Aus anderen Bundesländern, die ebenfalls mit kritischen Verhältnissen bei der Intensivbetten-Auslastung befasst sind, dürfte es zunächst keine Verlegungen in die Bundeshauptstadt geben. Zumindest bis am späten Mittwochnachmittag war dergleichen nicht geplant. Allerdings verlieh die Bundeshauptstadt drei Ecmo-Geräte (das sind jene Geräte, bei denen das Blut aus dem Körper herausgenommen und außerhalb des Körpers mit Sauerstoff angereichert und wieder zurückgeführt wird, Anm.) nach Niederösterreich. Diese werden für schwere Covid-Intensivpatienten genutzt, hieß es aus dem Büro von Hacker.
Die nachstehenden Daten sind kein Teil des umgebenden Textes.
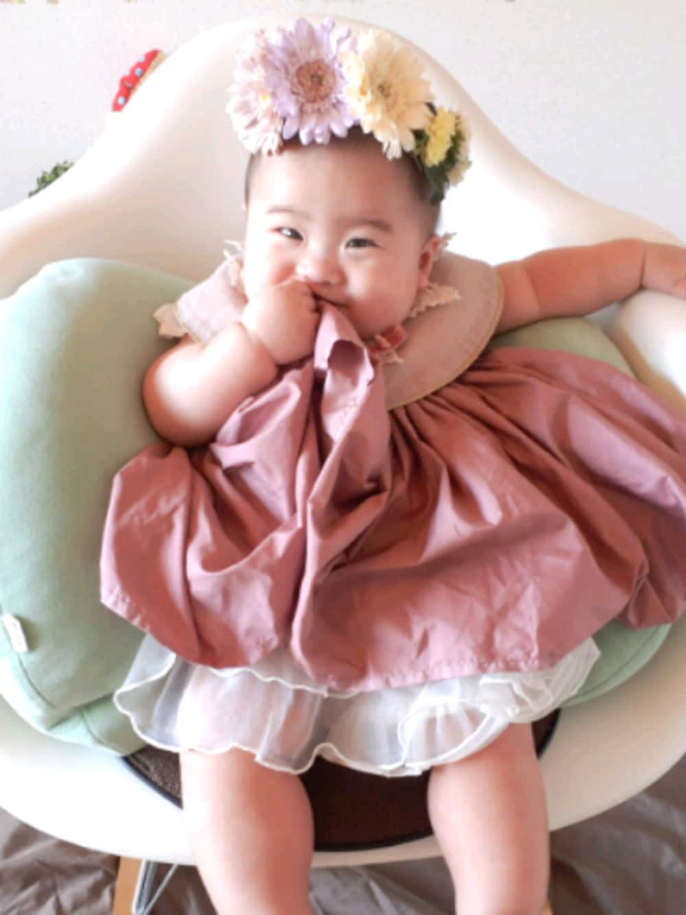 ハーフバースデー記念撮影☆花冠は手作りです。女の子なので乙女ちっくに💐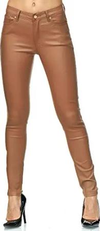 Damen Hose Kunstleder Push Up Effekt Chunkyrayan E621-3 Brown-34 (XS)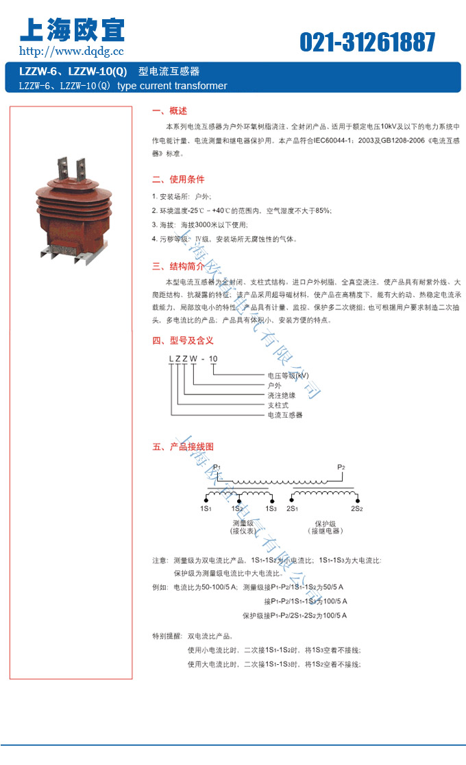 聲明:這里是產品的接線圖、變比、參數、精度、準確級、保護級、作用原理、外形尺寸等詳細參數頁面。本頁LZZW-10Q電流互感器的信息僅供參考,如有改動不另行通知。訂購前請來電咨詢,我們有專業(yè)人士為您選型。 另外可根據客戶需求,訂制非標產品。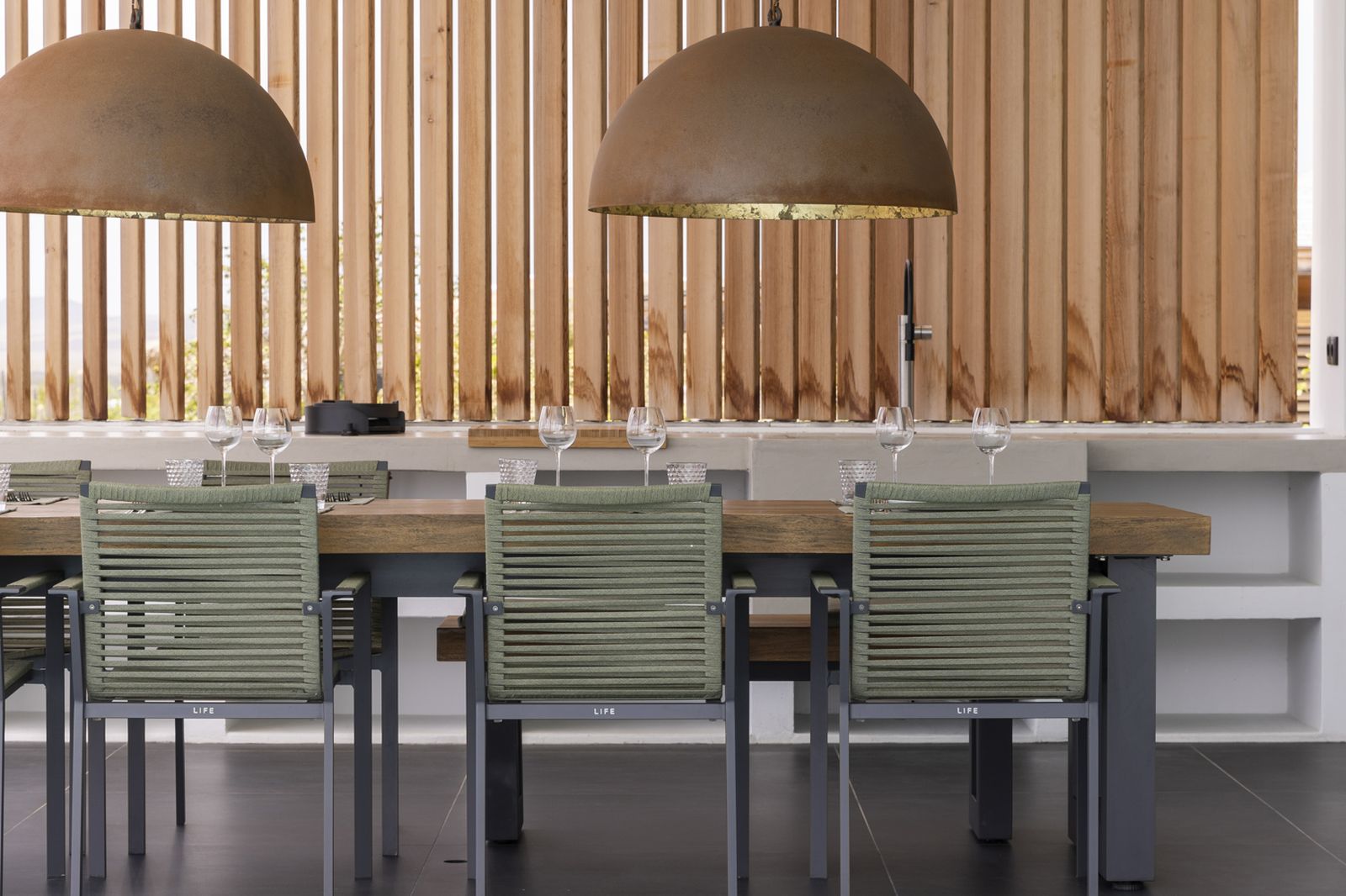 As you step through the large glass front door, you are greeted by panoramic views—ranging from Bopec in the north to the Salt Mountains in the south. Thanks to the large windows, the house is bathed in light, air, and space throughout.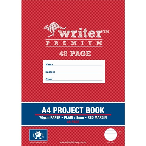 • Writer premium exercise books feature heavy duty covers, high quality white 70gsm paper with 8mm ruled lines and a red margin on one side and plain page on the other..
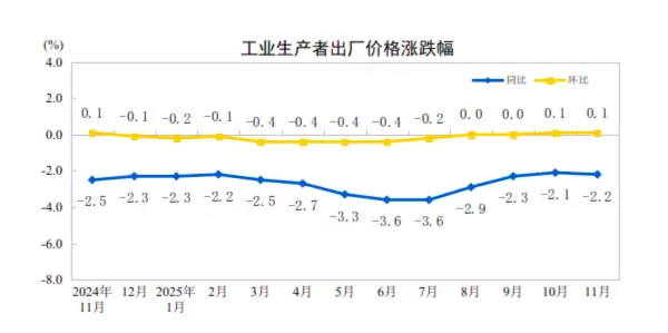 在PPI方面,11月份环比上涨0.1%,实现连续两个月正增长。董莉娟分析指出,本月PPI环比变动主要有两个特征:一是部分国内行业季节性需求上升带动价格上涨;二是输入性因素导致有色金属与石油相关行业价格走势出现分化。
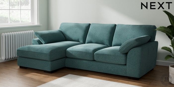 7.2.10 Stamford Grand Relaxed Sit Medium Sofa Chaise - Left Hand Chunky Chenille Mid Teal Green Large Square Angle - Dark | Made Click here to use our website with more accessibility support, for example screen readers

Unterdessen ist im Bundesland Salzburg die Zahl der Corona-Patienten, die intensivmedizinisch betreut werden, erneut stark gestiegen. Lagen am Dienstag 45 Infizierte auf den Intensivstationen, waren es am Mittwoch bereits 50 Patienten. Die bisher genannte Obergrenze von 51 Intensivbetten ist damit nahezu erreicht. Vorerst wurden 17 weitere Covid-Intensivbetten bereitgestellt.

Wegen der angespannten Situation ist die Anzahl der Intensivbetten aufgestockt worden. Im Uniklinikum Salzburg können 13 weitere Betten mit Covid-Intensivpatienten belegt werden, im Klinikum Schwarzach weitere vier Betten, wie der Sprecher der Salzburger Landeskliniken (SALK), Wolfgang Fürweger, am Mittwoch auf APA-Anfrage erklärte.

Ein Sprecher des Landes betonte, es werde alles getan, damit alle Menschen, die medizinische Versorgung benötigen, diese auch erhalten. Je nach Bedarf könnten noch weitere Covid-Intensivbetten bereitgestellt werden. Vorerst seien keine weitere Überstellungen in ein anderes Bundesland geplant. Zunächst bleibe es bei der Anzahl von vier Covid-Intensivpatienten, die heute und morgen aus Salzburg per Hubschrauber ins Wiener AKH gebracht werden.

Die Anzahl der Corona-Patienten auf den Normalstationen der Salzburger Spitäler ist seit gestern annähernd gleich geblieben. Laut Landesstatistik waren es am Dienstag 205 Patienten, aktuell sind es 206.

Das Bundesland Salzburg lag am Mittwoch mit einer Sieben-Tage-Inzidenz von 1.734,6 bundesländerweit erneut an der Spitze. Seit Dienstag wurden 1.464 Neuinfektionen und sieben Todesfälle in Zusammenhang mit Corona verzeichnet.

Immer mehr Kinder, die mit dem Coronavirus infiziert sind, benötigen medizinische Betreuung im Spital. Laut einem aktuellen Bericht von ORF Salzburg wurde ein Neugeborenes mit Covid-19-Verdacht in der Eltern-Kind-Station des Kinderspitals im Salzburger Uniklinikum eingeliefert. Es sei eines von fünf Kindern und Jugendlichen, die derzeit wegen einer Coronavirus-Infektion im Kinderkrankenhaus liegen. Ein fünfjähriger Bub brauche dort weiterhin eine Intensivbehandlung. Ein vierjähriges Mädchen, das unter der Corona-Folgeerkrankung PIMS gelitten habe, sei wieder zurück auf der Normalstation und dürfte das Spital bald verlassen.